A phenomenological reading sheds light on the means not only by which the reader easily follows transitions in narrative time, but also accesses an unconscious architectural piecing together of human emotion. The phenomenon of closure is observing the parts but perceiving the whole (McCloud, 1994: 64-87). While making the reading difficult, the temporal and spatial disparities only emphasize this closure. Elektra: Assassin provides an excellent illustration of how the combination of image and text provides for a deeply layered feminist reading of the metaphysics of sexual difference. Inasmuch as the arrogation and use of spatiality are political acts, Elektra: Assassin, the graphic novel, presents a political way of inhabiting space .

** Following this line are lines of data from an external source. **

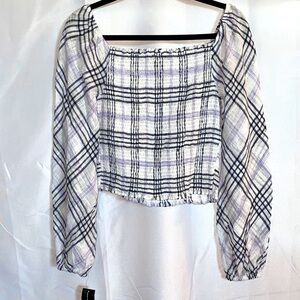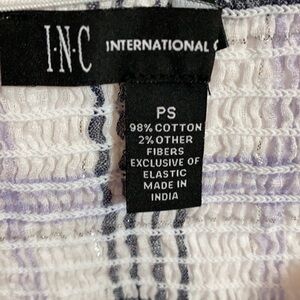 Great cute blouse for fall by INC International Concepts. A must have, great addition to your wardrobe. - Color: London Plaid ( White base with purple stripes and accented with silver stripes) - Pull Over - Plaid - Ruched - Ruffled Edge Hem - Square Neck - Long Sleeve With Elastic Hem - Made In India - Materials: 98% Cotton, 2% Other, Elastic - Care Instructions: Machine Wash Cold, Tumble Dry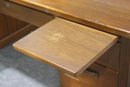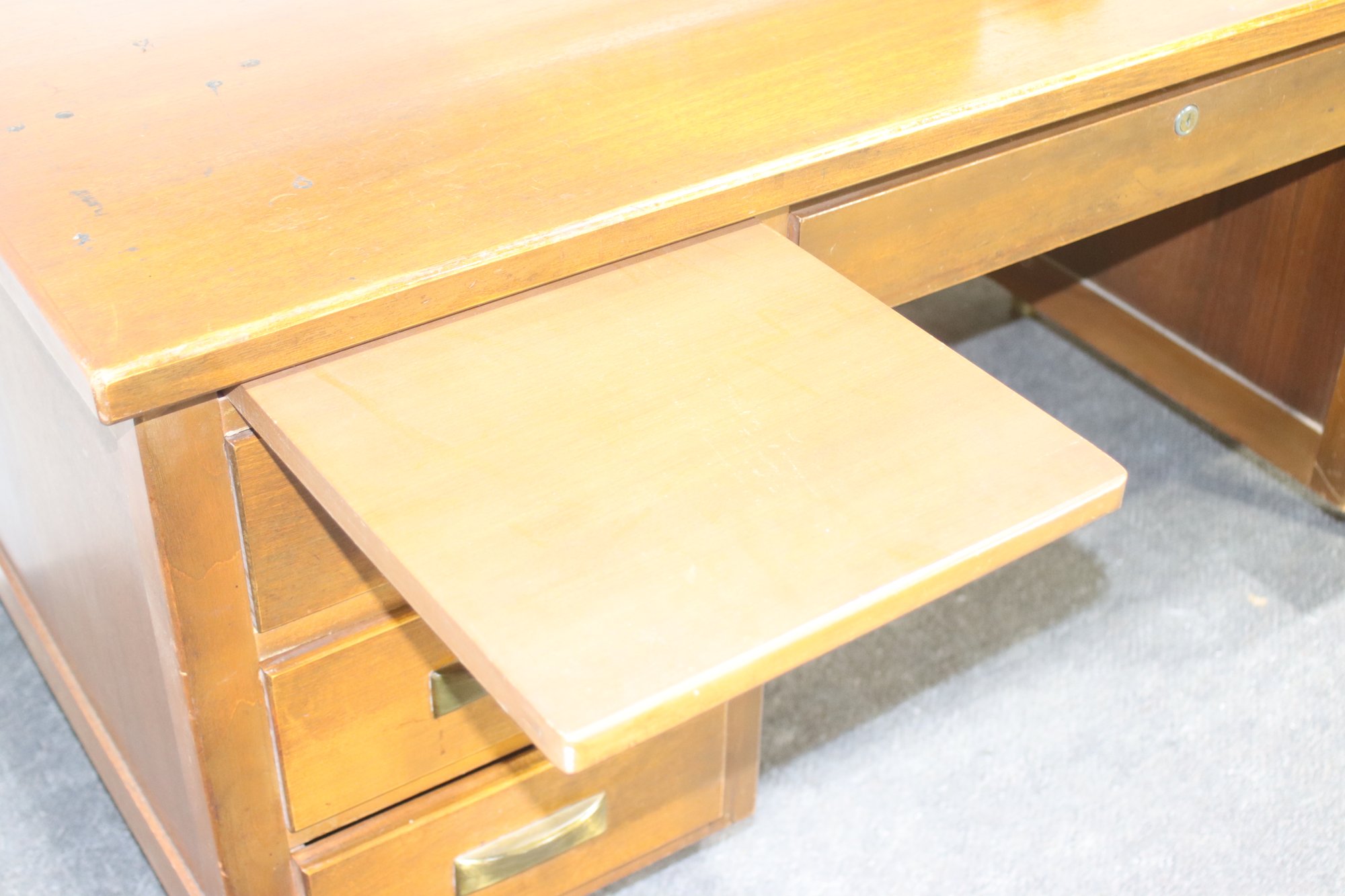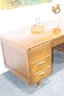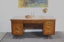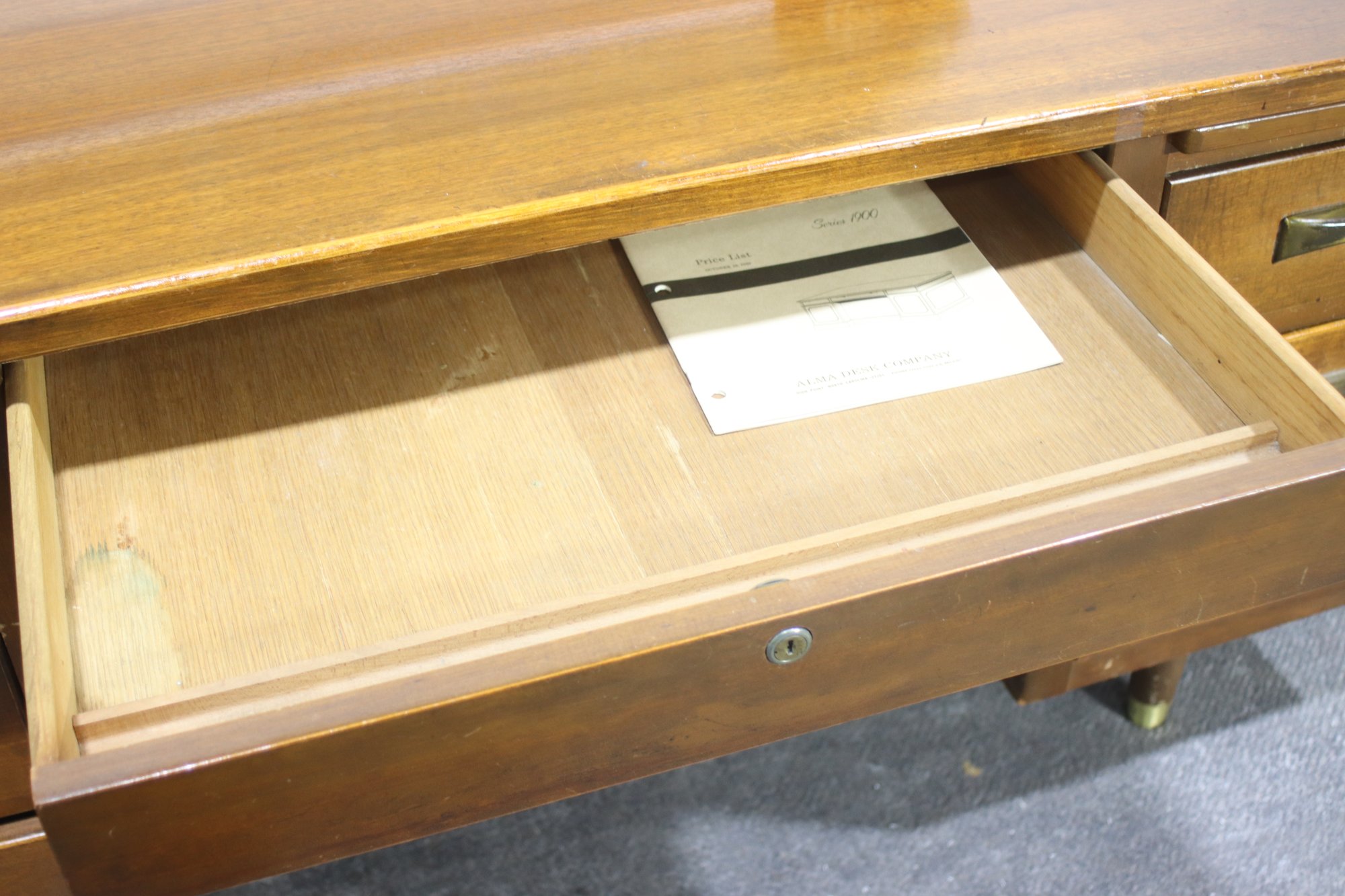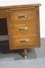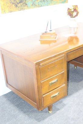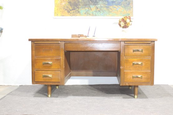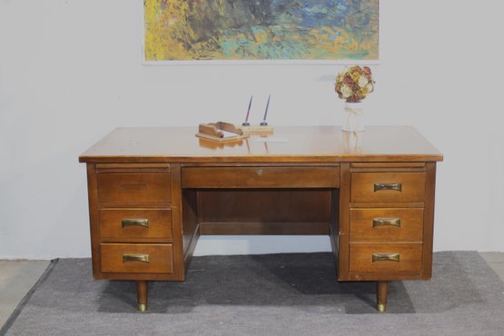 This vintage executive desk by Alma Desk Company is a stunning mid-century modern piece, featuring a rich wood finish, brass handles, and tapered legs. With six spacious drawers, a pull-out writing board, and a sturdy design, this desk offers both functionality and timeless style—perfect for a home office or workspace.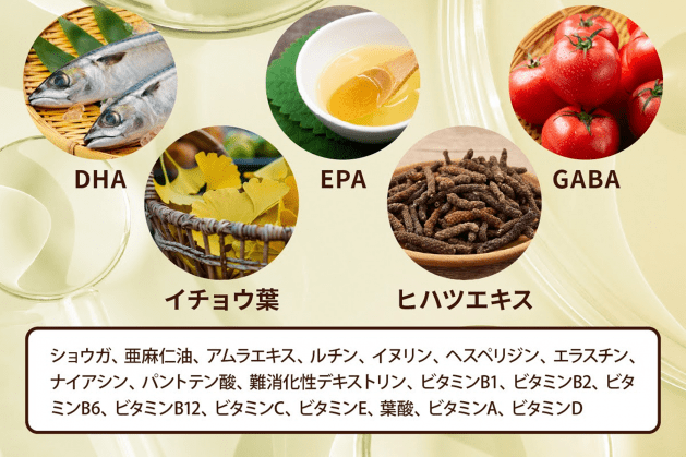 乳酸菌、DHA、ショウガ、亜麻仁油、アムラエキス、GABA、イチョウ葉、ルチン、イヌリン、ヘスペリジン、エラスチン、ナイアシン、パントテン酸、EPA、ヒハツエキス、難消化性デキストリン、ビタミンB1、ビタミンB2、ビタミンB6、ビタミンB12、ビタミンC、ビタミンE、葉酸、ビタミンA、ビタミンD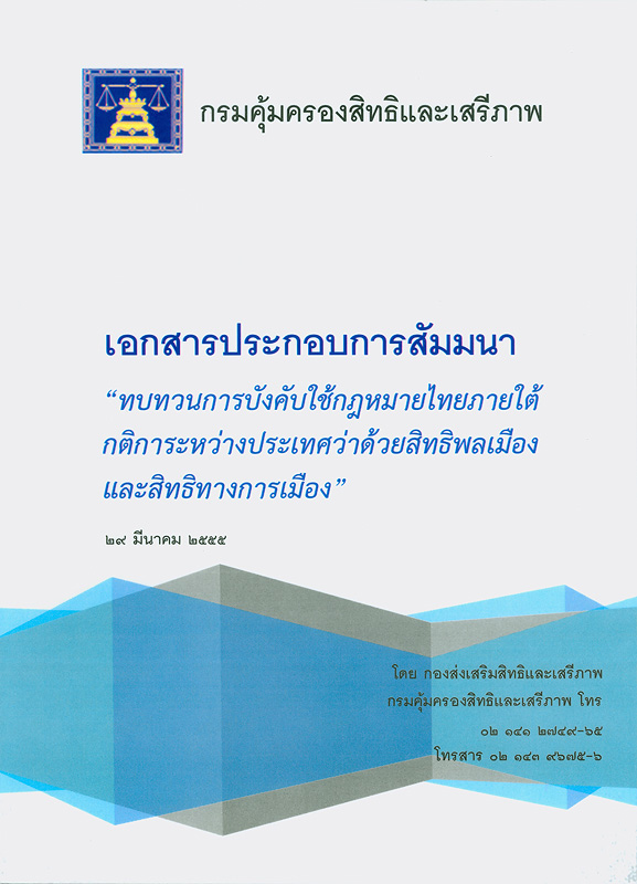 เอกสารประกอบการสัมมนา "ทบทวนการบังคับใช้กฎหมายไทยภายใต้กติการะหว่างประเทศว่าด้วยสิทธิพลเมืองและสิทธิทางการเมือง" / กองส่งเสริมสิทธิและเสรีภาพ กรมคุ้มครองสิทธิและเสรีภาพ

The structure of temporal and durational grounding in the graphic novel enables Miller to bring chronological disparities into play, just as the body/world duality that grounds us in the world sanctions the multiplicities of voice and time that characterize Elektra: Assassin. The inconsistencies of voice and time Miller brings into play not only emphasize the integrity of ground, but also describe the nature of Elektra’s world . The integrity of the world is the basis for its distortions and transgressions. This integrity is twofold. The first deals with the characters, their wit, cunning and bag of tricks, and the second with the closure of “world.” The initial aspect is not only specific to sequential art, but also found in James Bond films and similar media. Characters such as Daredevil, Elektra, and Bond are in thrall to nihilistic energies against which the only option is to win, not to find truth or eternal values. The protagonist must have extraordinary powers and/or apparatus. This may take the form of a power ring or of clever companions collected along the way, as well as brute strength and cunning. These abilities are rarely, unless humorously, used for everyday activities (such as making a sandwich) or for charitable enterprises (such as healing the sick, or reducing poverty), although saving the world is something the comic book superhero does with astonishing regularity.
The second aspect of the integrity of the world is the coherence of mimetic closure, whereby events at the conclusion relate directly to conditions and circumstances with which the tale begins. As with the film frame, in sequential art one cannot put anything into each panel, although that freedom exists only hypothetically. As Elektra: Assassin is chaotic in terms of time, identity and place, the l the memories, allusions, and so on must be interesting on a psychological level, first in Elektra and next in the reader. As in other genres, such as horror, this places a special burden on settings and material artifacts. The places and things the reader sees need to move as if endowed with (generally malevolent) intentions of their own. Stability is not completely recovered, or at least not at a level of profundity that matches the horror. Beyond the demonic setting there is little that denies either character or reader of the customary stability of the background, instead pushing it into a deep distance that solicits anxiety.